(Provided records):
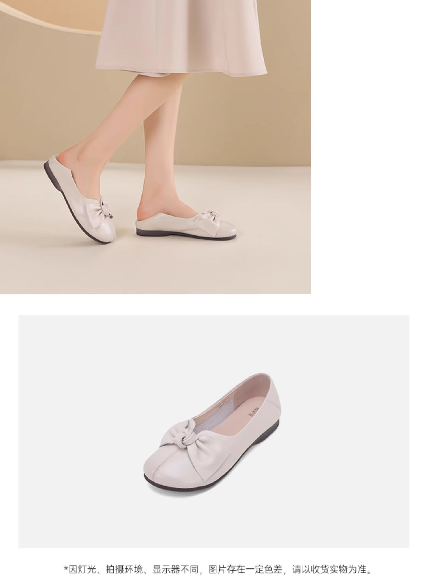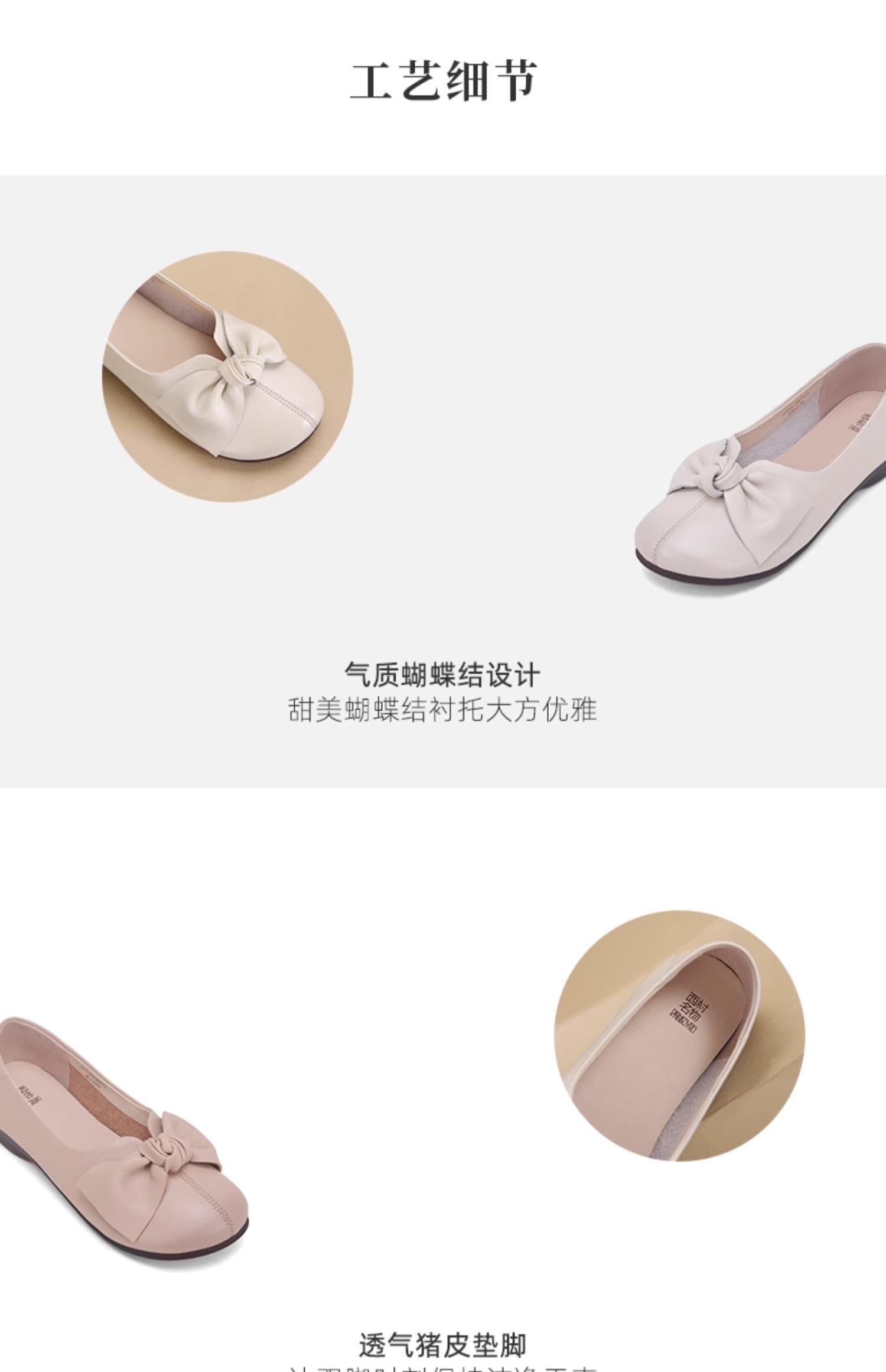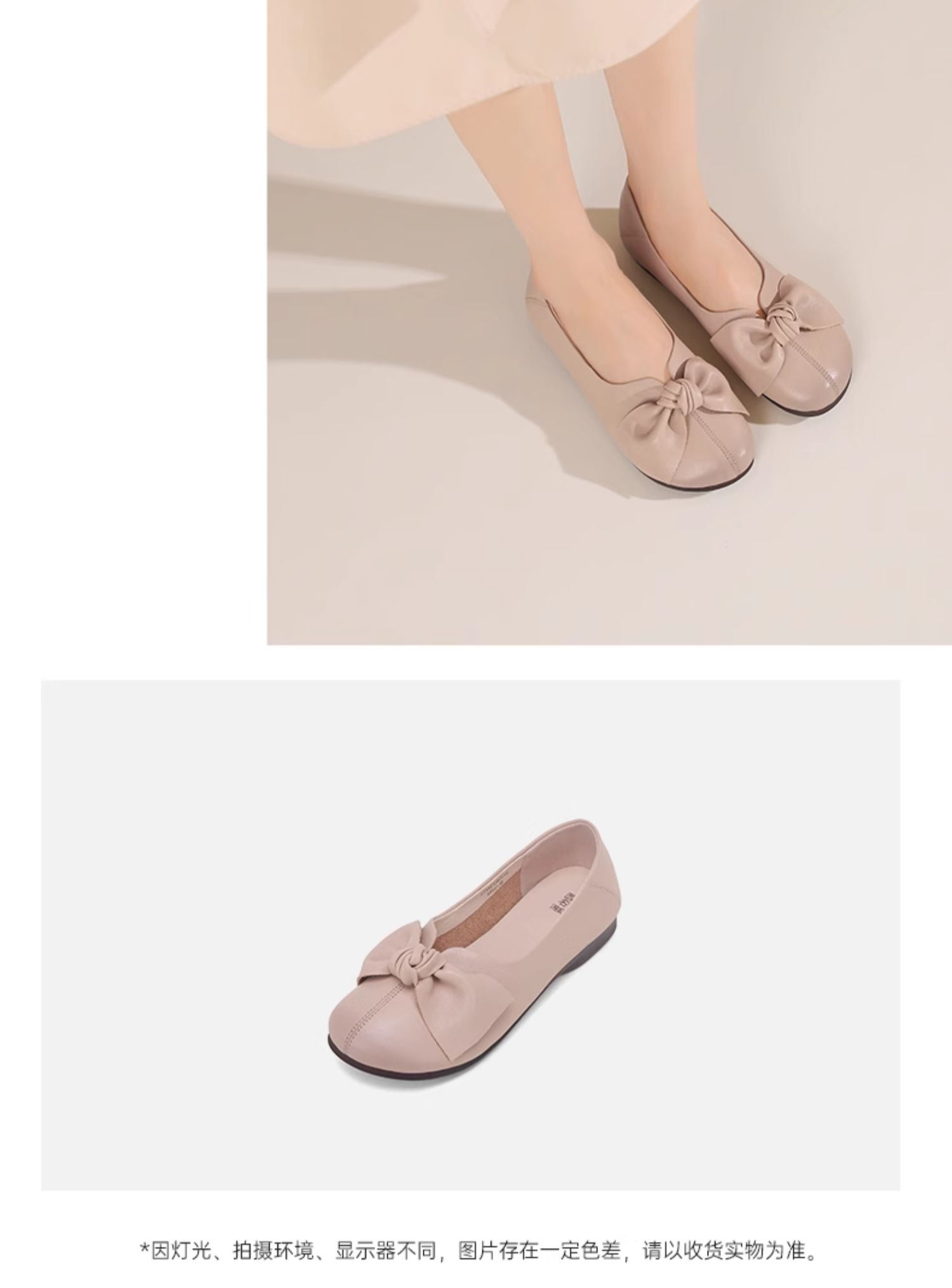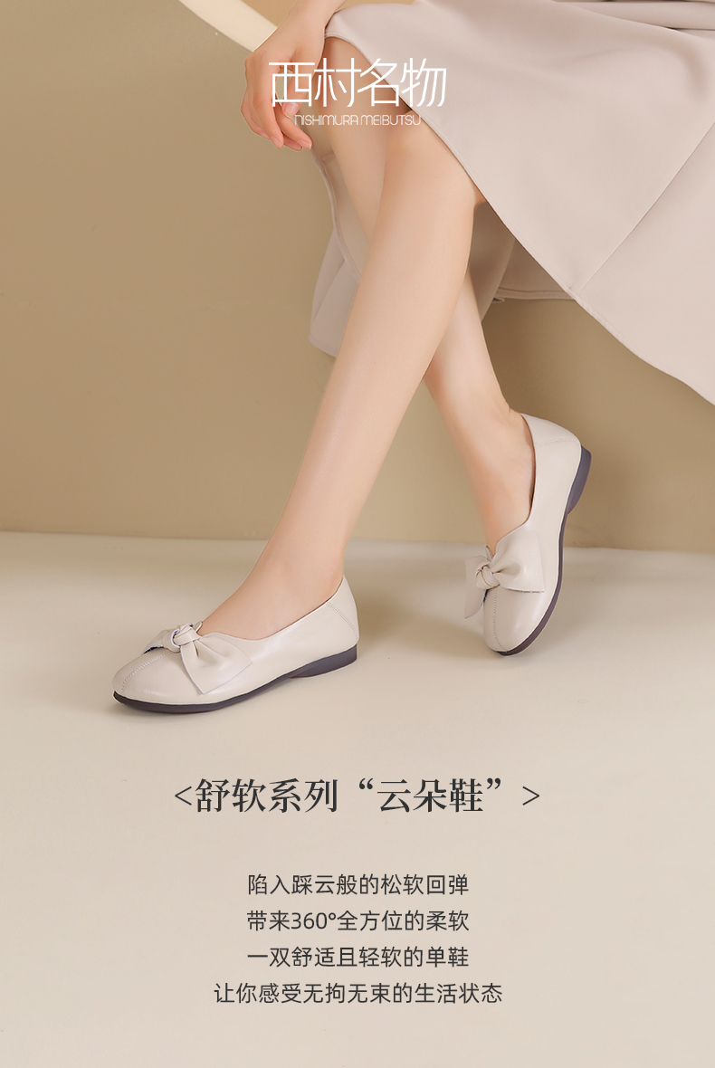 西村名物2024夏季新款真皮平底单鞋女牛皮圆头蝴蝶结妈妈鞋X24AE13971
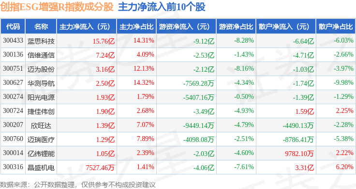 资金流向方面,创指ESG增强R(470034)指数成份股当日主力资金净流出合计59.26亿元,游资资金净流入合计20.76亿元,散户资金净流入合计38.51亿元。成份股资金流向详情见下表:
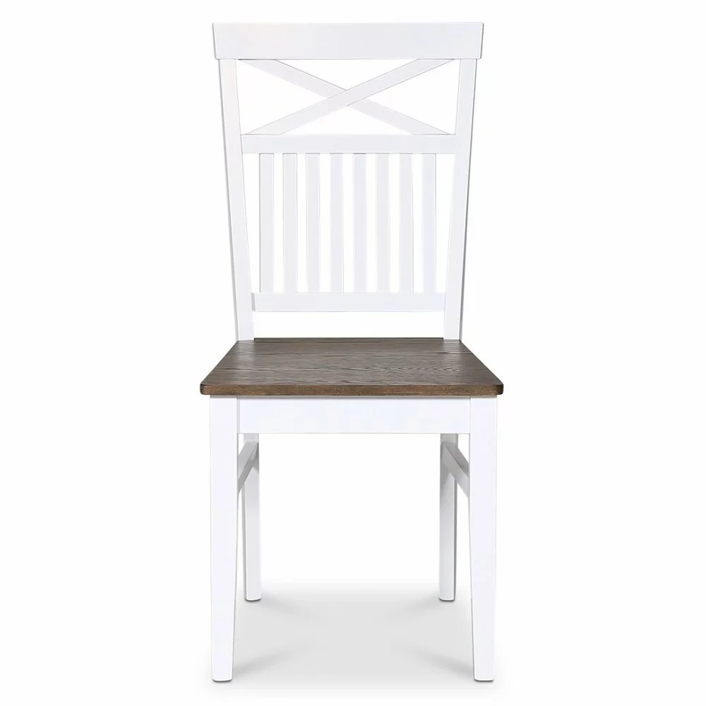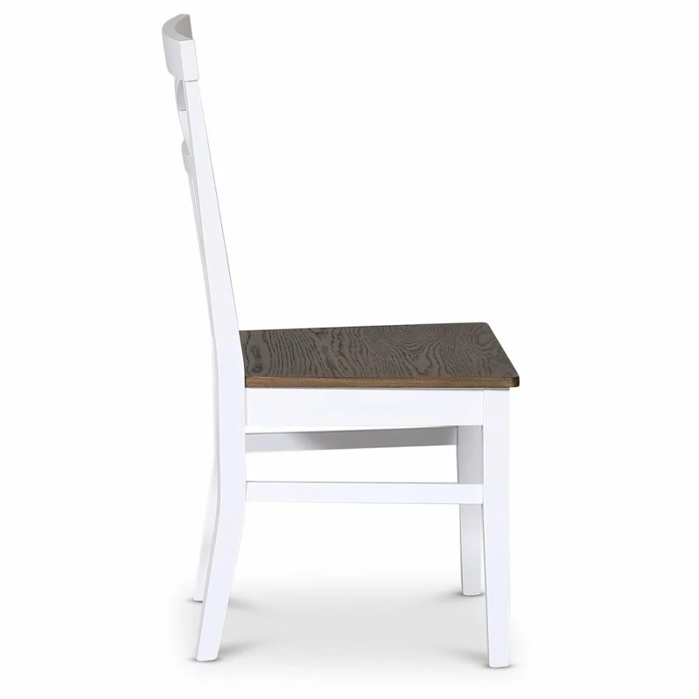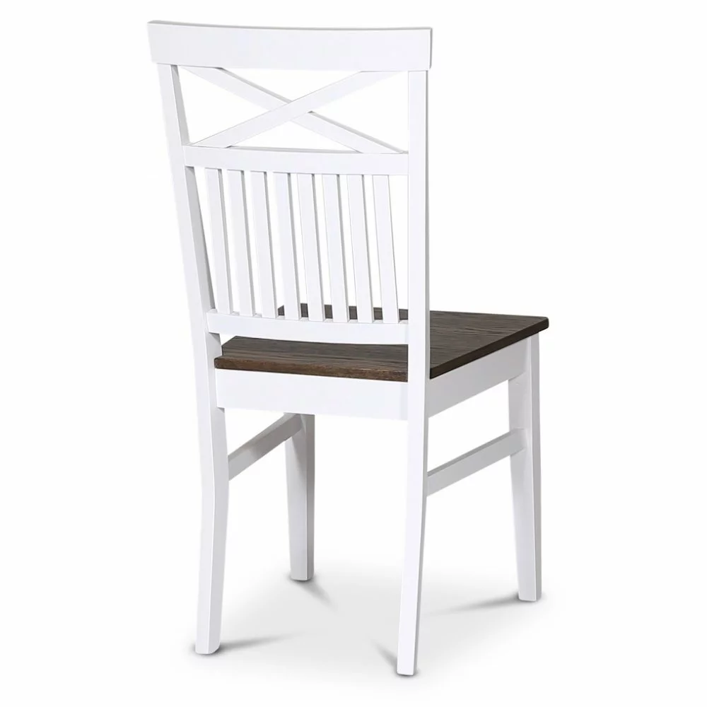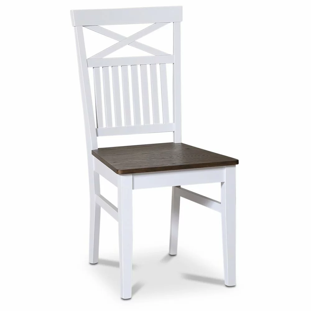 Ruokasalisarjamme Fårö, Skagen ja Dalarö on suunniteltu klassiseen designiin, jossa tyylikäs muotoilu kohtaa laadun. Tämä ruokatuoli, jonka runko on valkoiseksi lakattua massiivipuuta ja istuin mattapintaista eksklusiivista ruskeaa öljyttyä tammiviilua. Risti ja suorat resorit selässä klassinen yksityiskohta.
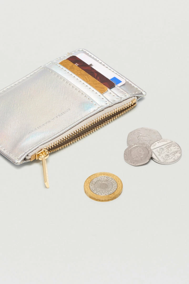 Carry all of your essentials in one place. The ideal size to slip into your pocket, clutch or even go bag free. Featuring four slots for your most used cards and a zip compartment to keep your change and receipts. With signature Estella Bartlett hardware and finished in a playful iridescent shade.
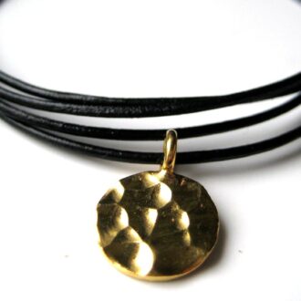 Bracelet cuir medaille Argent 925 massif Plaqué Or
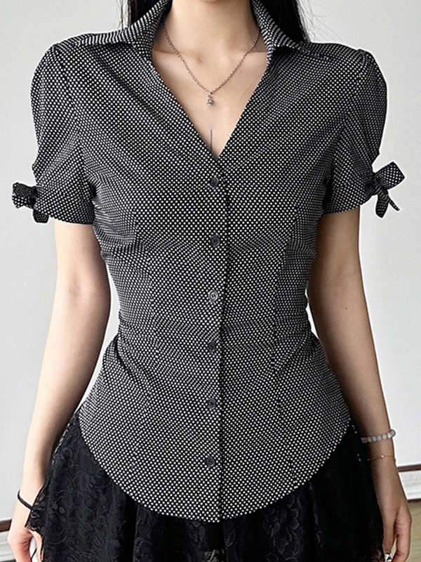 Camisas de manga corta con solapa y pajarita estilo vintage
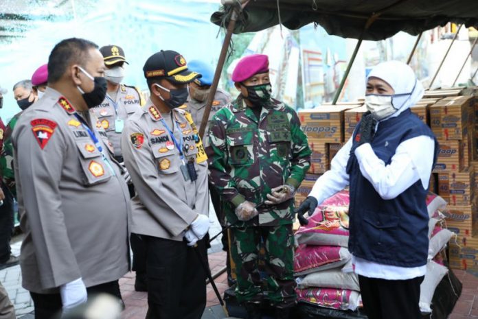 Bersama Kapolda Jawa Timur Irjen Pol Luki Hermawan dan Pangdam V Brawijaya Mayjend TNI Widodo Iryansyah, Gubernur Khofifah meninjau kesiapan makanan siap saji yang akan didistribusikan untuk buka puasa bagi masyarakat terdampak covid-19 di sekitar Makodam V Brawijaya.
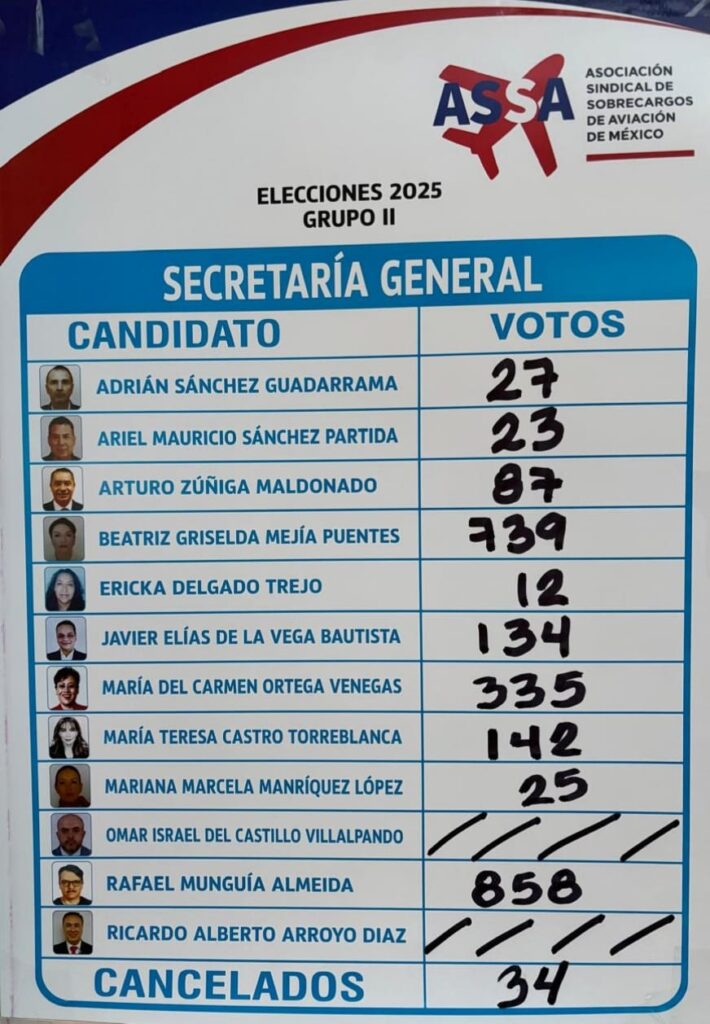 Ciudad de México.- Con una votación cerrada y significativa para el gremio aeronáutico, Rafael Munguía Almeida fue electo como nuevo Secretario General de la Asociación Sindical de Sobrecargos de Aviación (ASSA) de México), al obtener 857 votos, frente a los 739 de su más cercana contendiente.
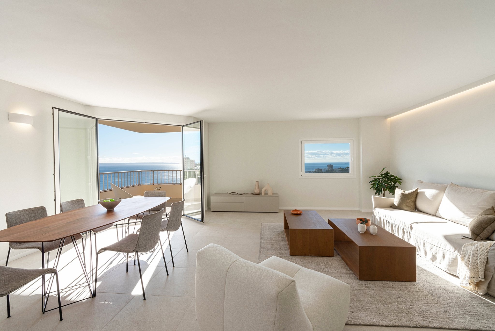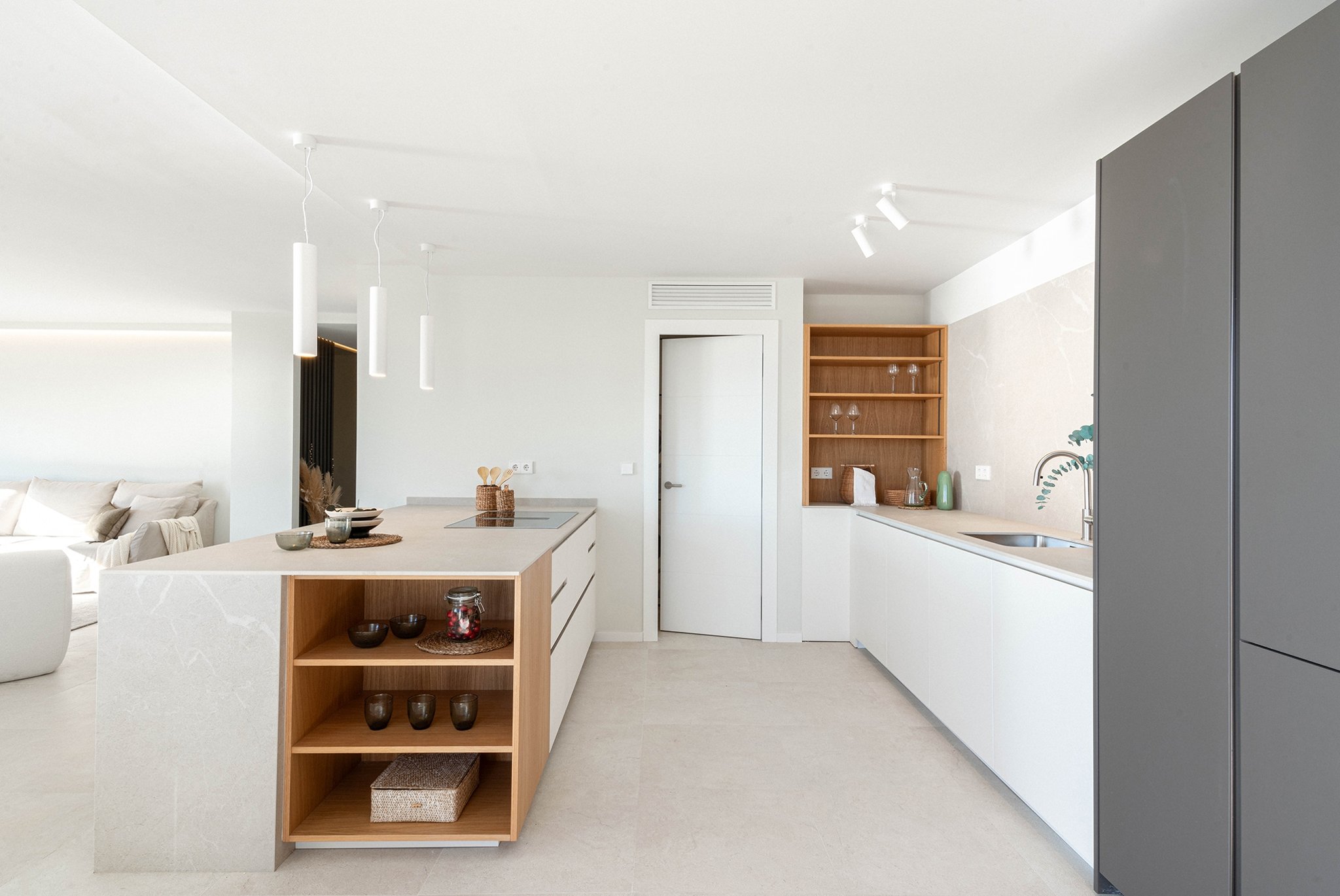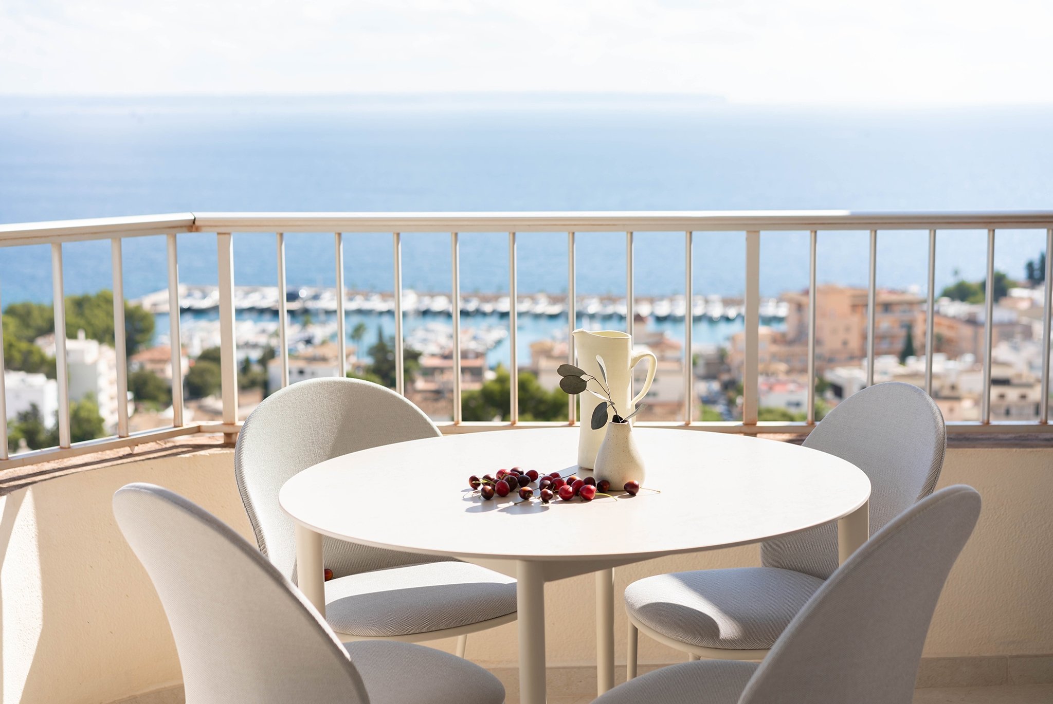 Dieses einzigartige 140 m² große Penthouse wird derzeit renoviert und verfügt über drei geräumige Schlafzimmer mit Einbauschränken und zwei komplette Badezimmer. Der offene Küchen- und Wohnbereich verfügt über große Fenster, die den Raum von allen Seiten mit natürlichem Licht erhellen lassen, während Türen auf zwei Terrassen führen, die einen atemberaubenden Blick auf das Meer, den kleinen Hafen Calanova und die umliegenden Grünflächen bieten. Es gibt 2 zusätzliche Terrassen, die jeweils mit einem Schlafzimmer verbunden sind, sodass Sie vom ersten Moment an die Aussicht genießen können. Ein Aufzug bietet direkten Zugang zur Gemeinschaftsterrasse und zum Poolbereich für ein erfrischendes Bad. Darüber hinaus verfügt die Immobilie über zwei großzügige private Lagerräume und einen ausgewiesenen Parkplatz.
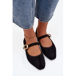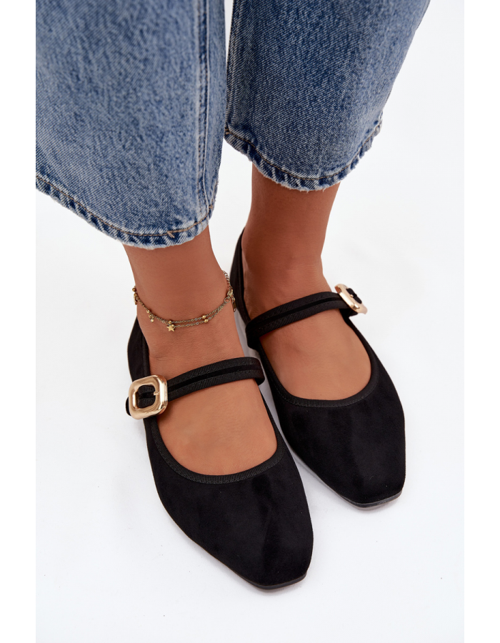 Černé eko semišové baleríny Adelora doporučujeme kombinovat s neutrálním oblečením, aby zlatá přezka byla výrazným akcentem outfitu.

(What is needed):
Give again the lines of the listing above that run from the one with "Bersama Kapolda Jawa" up to and including the one with "Ciudad de México.- Con". Keep them exact and omit the pictures.

(Response to the exercise):
 Bersama Kapolda Jawa Timur Irjen Pol Luki Hermawan dan Pangdam V Brawijaya Mayjend TNI Widodo Iryansyah, Gubernur Khofifah meninjau kesiapan makanan siap saji yang akan didistribusikan untuk buka puasa bagi masyarakat terdampak covid-19 di sekitar Makodam V Brawijaya.
 Ciudad de México.- Con una votación cerrada y significativa para el gremio aeronáutico, Rafael Munguía Almeida fue electo como nuevo Secretario General de la Asociación Sindical de Sobrecargos de Aviación (ASSA) de México), al obtener 857 votos, frente a los 739 de su más cercana contendiente.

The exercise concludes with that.